TRUCIOLI SAVONESI
spazio di riflessione per Savona e dintorni La storia: Il Secolo
XIX edizione imperiese 40 anni di fatti e
protagonisti tra luci e ombre Dopo l'uscita di scena dell'editore
Cesare Brivio Sforza che puntò al rilancio delle province.

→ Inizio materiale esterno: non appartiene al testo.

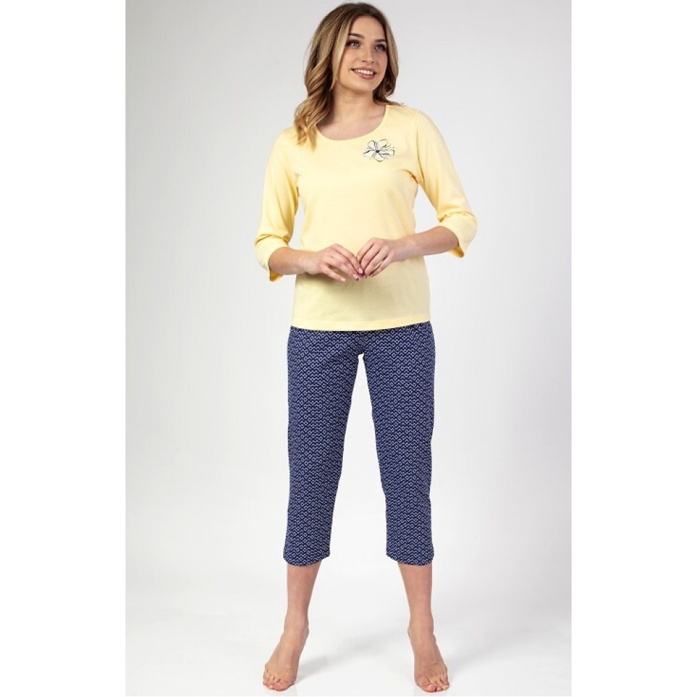 Жіноча бавовняна піжама з ніжним квітковим принтом. Верх має рукави 3/4 та круглий виріз. Штани з ві..
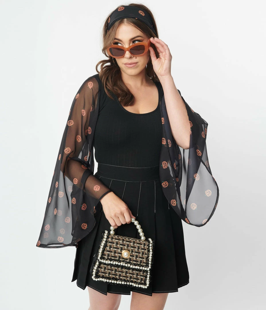 This frightening striking bodysuit is crafted in a soft black knit and features sheer long bell sleeves, dancing with orange jack-o-lantern pumpkins throughout. Complete with a scoop neckline and a dual snap button closure.
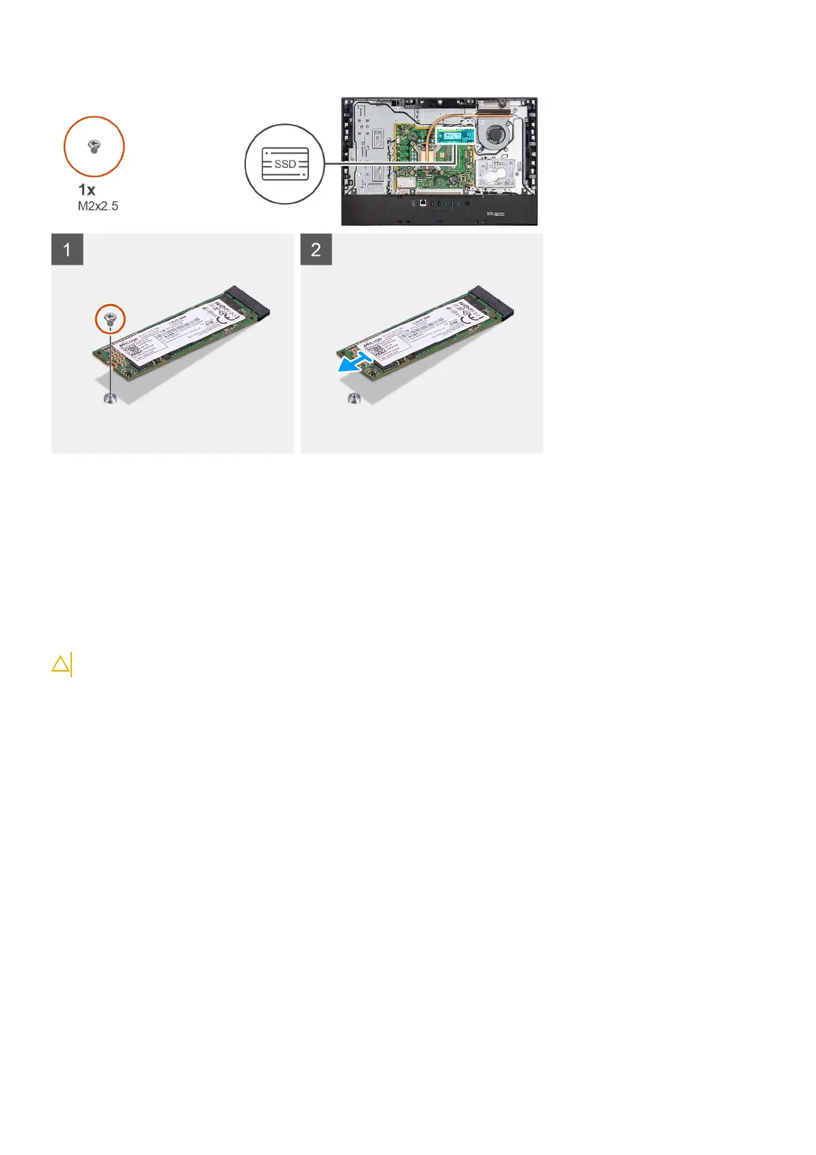 1. Remove the screw (M2x2.5) that secures the solid-state drive to the system board.
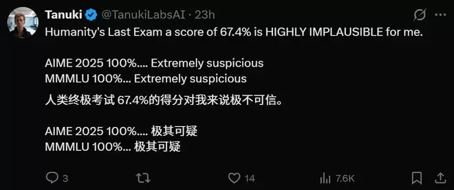网友Tanuki指出,人类最后的考试67.4%的得分极不可信。
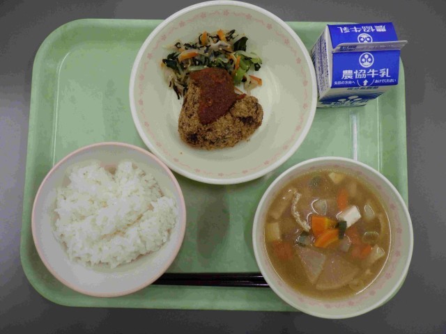 市政20周年記念献立②(10月23日) 公開日 2025/10/26 更新日 2025/10/26 学校紹介 10月23日(木)の給食は、「市政20周年記念献立その2」が提供されました。 主食は、ごはん 主菜は、「妙高市民の心メンチカツかんずりソース」 副菜は、「磯ゴマ酢あえ」 汁物は、「妙高秋野菜の味噌汁」というメニューでした。
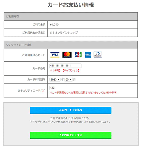 お支払方法にクレジットカードをご選択いただきました場合 ![]() |
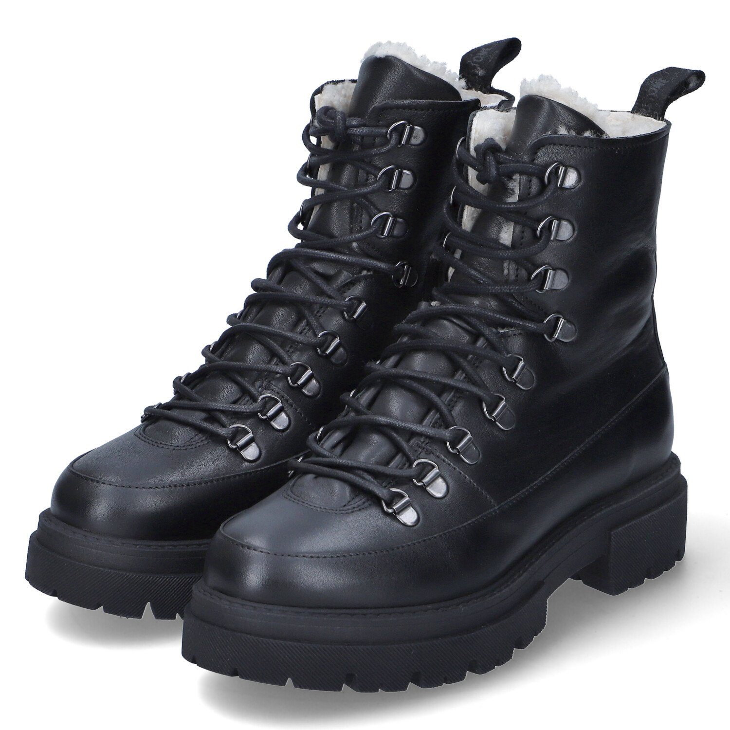 Blackstone Damen Stiefeletten/ Schnürstiefeletten/ Combat Boots/ Winterstiefeletten Schwarz Glattleder - Schnürsenkel - Reißverschluss - Anziehlasche - Ziernähte - dezente Markendetails - warmes Lammfellfutter - verstärkter Fersenbereich - gepolsterte Wechseldecksohle - robuste, rutschhemmende Laufsohle mit Profil - stabiler Blockabsatz

Vedi articolo di Uomini Liberi
e nel 1989 'liberi dall'influenza del potere politico ed
industriale' Imperia-
La Riviera dei fiori ha portato fortuna alla Scajola-dinasty, ad alcuni
fedelissimi, ma quasi una Caporetto per lo storico e glorioso quotidiano
ligure: Il Secolo XIX. Quel direttore, Carlo Rognoni,
che nell'ottobre 1989 cercò di espugnare, con l'editore ed
amministratore delegato Cesare Brivio Sforza, la
"fortezza La Stampa", sul fronte delle copie vendute, augurò "Buon
Secolo a tutti". E la società editrice affermava con fierezza
ed orgoglio: <possiamo vantarci di essere liberi dall'influenza
del potere politico e industriale>. Una previsione davvero azzardata, vista ai
nostri giorni. Anche alla luce di uno degli ultimi "piani
editoriali" (1 vedi....). (2 vedi nomi di tutti i redattori alla
morte dell'insostituibile editore Sandro Perrone). La storia dell'edizione imperiese ha inizio con
l'ottimo direttore Piero Ottone che affida, nel gennaio
1970, il rilancio de Secolo XIX nellestremo ponente (iniziando da
Sanremo), al prof. Franco Rognone, classe 1939.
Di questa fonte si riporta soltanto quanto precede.